▶ Required work: With the pictures omitted, repeat exactly the lines below starting with the line that has "受訪企業人資對於企業重視發展" and going on through the line that has "C’est en entrant".

▶ Data:
◇ ◇ ◇ ◇ ◇ ◇ ◇

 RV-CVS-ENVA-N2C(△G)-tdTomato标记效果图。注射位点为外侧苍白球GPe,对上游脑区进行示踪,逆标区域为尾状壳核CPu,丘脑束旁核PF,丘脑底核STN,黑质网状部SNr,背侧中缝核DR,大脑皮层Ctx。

◇ ◇ ◇ ◇ ◇ ◇ ◇

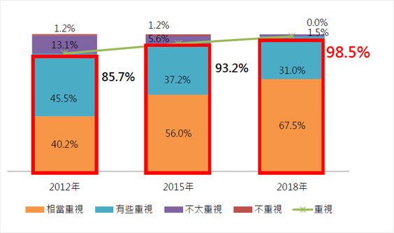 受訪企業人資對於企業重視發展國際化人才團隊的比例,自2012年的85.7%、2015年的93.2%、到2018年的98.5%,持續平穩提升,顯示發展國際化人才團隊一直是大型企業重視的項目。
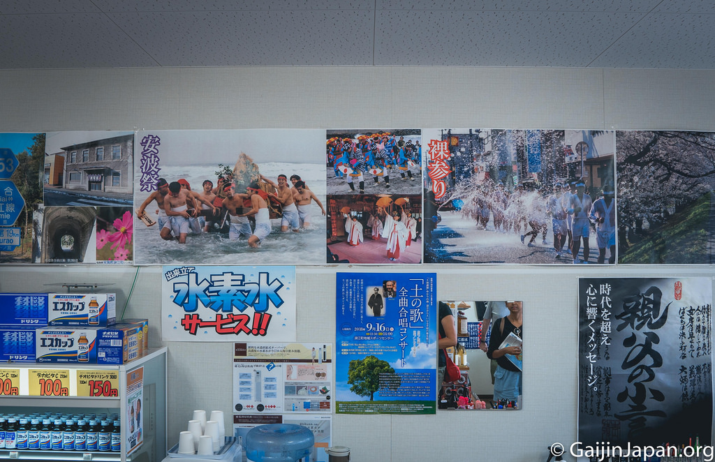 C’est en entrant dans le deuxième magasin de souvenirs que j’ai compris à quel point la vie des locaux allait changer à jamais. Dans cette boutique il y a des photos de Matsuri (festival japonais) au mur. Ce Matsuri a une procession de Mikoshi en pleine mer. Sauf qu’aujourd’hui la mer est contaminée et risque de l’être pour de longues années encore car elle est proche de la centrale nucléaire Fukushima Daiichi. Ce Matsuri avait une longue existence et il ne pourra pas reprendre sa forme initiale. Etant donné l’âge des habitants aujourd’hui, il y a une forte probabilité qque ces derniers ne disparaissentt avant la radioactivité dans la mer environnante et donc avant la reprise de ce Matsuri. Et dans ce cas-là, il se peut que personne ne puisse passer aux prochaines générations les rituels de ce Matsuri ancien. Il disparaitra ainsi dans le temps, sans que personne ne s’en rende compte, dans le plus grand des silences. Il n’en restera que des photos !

◇ ◇ ◇ ◇ ◇ ◇ ◇

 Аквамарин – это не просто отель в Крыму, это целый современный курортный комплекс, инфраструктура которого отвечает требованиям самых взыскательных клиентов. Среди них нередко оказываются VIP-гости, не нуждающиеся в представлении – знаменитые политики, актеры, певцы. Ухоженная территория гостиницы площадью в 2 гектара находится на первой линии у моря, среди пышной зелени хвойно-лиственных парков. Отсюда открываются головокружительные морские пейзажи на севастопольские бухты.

◇ ◇ ◇ ◇ ◇ ◇ ◇

▶ Written answer:
 受訪企業人資對於企業重視發展國際化人才團隊的比例,自2012年的85.7%、2015年的93.2%、到2018年的98.5%,持續平穩提升,顯示發展國際化人才團隊一直是大型企業重視的項目。
 C’est en entrant dans le deuxième magasin de souvenirs que j’ai compris à quel point la vie des locaux allait changer à jamais. Dans cette boutique il y a des photos de Matsuri (festival japonais) au mur. Ce Matsuri a une procession de Mikoshi en pleine mer. Sauf qu’aujourd’hui la mer est contaminée et risque de l’être pour de longues années encore car elle est proche de la centrale nucléaire Fukushima Daiichi. Ce Matsuri avait une longue existence et il ne pourra pas reprendre sa forme initiale. Etant donné l’âge des habitants aujourd’hui, il y a une forte probabilité qque ces derniers ne disparaissentt avant la radioactivité dans la mer environnante et donc avant la reprise de ce Matsuri. Et dans ce cas-là, il se peut que personne ne puisse passer aux prochaines générations les rituels de ce Matsuri ancien. Il disparaitra ainsi dans le temps, sans que personne ne s’en rende compte, dans le plus grand des silences. Il n’en restera que des photos !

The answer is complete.